三颗头颅消失了,但三清观没有消失。
裂缝合拢了,液体退去了,声音消散了。那些跪着的人的雕像还在,但他们的表情变了——不再是恐惧,而是一种奇怪的平静。
像是终于等到了该等的东西。
“他们死了吗?”玄奘问。
“死了。”孙悟空说,“彻底死了。

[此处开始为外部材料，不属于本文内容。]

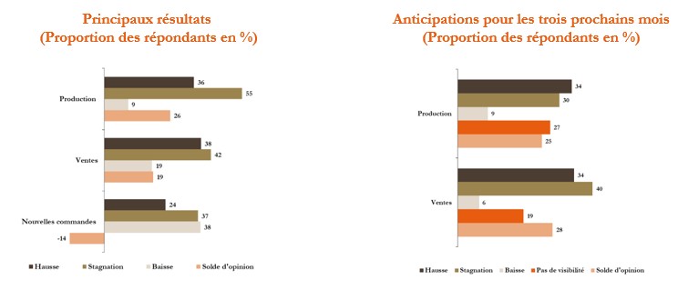 Pour leur part, les ventes auraient augmenté dans l’ensemble des branches à l’exception du « textile et cuir » où elles auraient plutôt reculé. Par destination, les ventes auraient progressé aussi bien sur le marché local qu’étranger.

不会再醒来,不会再痛苦。”
“那车迟国呢?”
“车迟国从来就不存在。”孙悟空说,“一百年前,这里发生了大旱。三年不下雨,庄稼全死了,人全死了。最后活着的三个道士——虎力、鹿力、羊力——用邪术把自己变成了‘神’,骗百姓说只要祈祷就能下雨。百姓祈祷了一百年,雨没有下。但祈祷本身变成了一种力量,把整个国家‘定’在了死亡的那一瞬间。”
“你是说,车迟国是一个……幻象?”
“不是幻象。”孙悟空说,“是执念。几百万人临死前的执念,凝聚成了这座城市,这些雕像,这三具尸体。你看到的一切,都是他们死前最后一秒看到的东西。”
玄奘想起了什么。
“你刚才说,你的影子吃了它们的影子。那现在车迟国的执念,在你身上了?”
“对。”
“那你能不能……下一场雨?”
孙悟空沉默了很久。
然后,他的影子动了。
影子的手伸向天空,五指张开。
天空中,出现了云。
不是白色的云,是黑色的,浓稠的,像墨汁一样的云。云中有什么东西在翻滚,不是闪电,是脸。无数张脸,在云中挣扎,张嘴,无声地呐喊。
然后,雨落下来了。
不是水。
是骨头。
细小的、白色的、像米粒一样的骨头,从天空中纷纷扬扬地落下,打在玄奘的袈裟上,发出沙沙的声响。
骨雨下了整整一炷香的时间。
地上铺了厚厚一层白骨。
白骨中,有什么东西在生长。
是草。
绿色的、鲜活的草,从骨缝中钻出来,在风中轻轻摇摆。
车迟国的街道上,那些雕像开始风化。先是表面剥落,露出下面的真实——不是肉,是泥土。泥土做的身体,泥土做的衣服,泥土做的表情。
风一吹,泥土散了。
整座城市,像沙堡一样崩塌了。
只剩下三清观。
和三清观里的三具尸体。
尸体也在风化,但风化的速度很慢。它们的皮肤在脱落,露出下面的东西——不是线虫,是树根。密密麻麻的树根,缠绕在一起,像一张网,网住了整个城市的废墟。
树根在向下生长,钻入地下。
地下传来水声。
真正的雨,在百年前就该下的雨,终于来了。
雨水从地底涌上来,汇成一条小溪,流过白骨,流过泥土,流过废墟。
溪水中,有一张张模糊的脸,在对他微笑。
然后,消散了。
“走吧。”孙悟空转身,“车迟国已经没了。”
玄奘跟在后面,走出废墟。
他回头看了一眼。
三清观还在。
但门楣上的匾额变了。
不再是“三清观”。
是“车迟国万人塚”。
塚字是用血写的,还在往下滴。
滴了一百年,也没有滴完。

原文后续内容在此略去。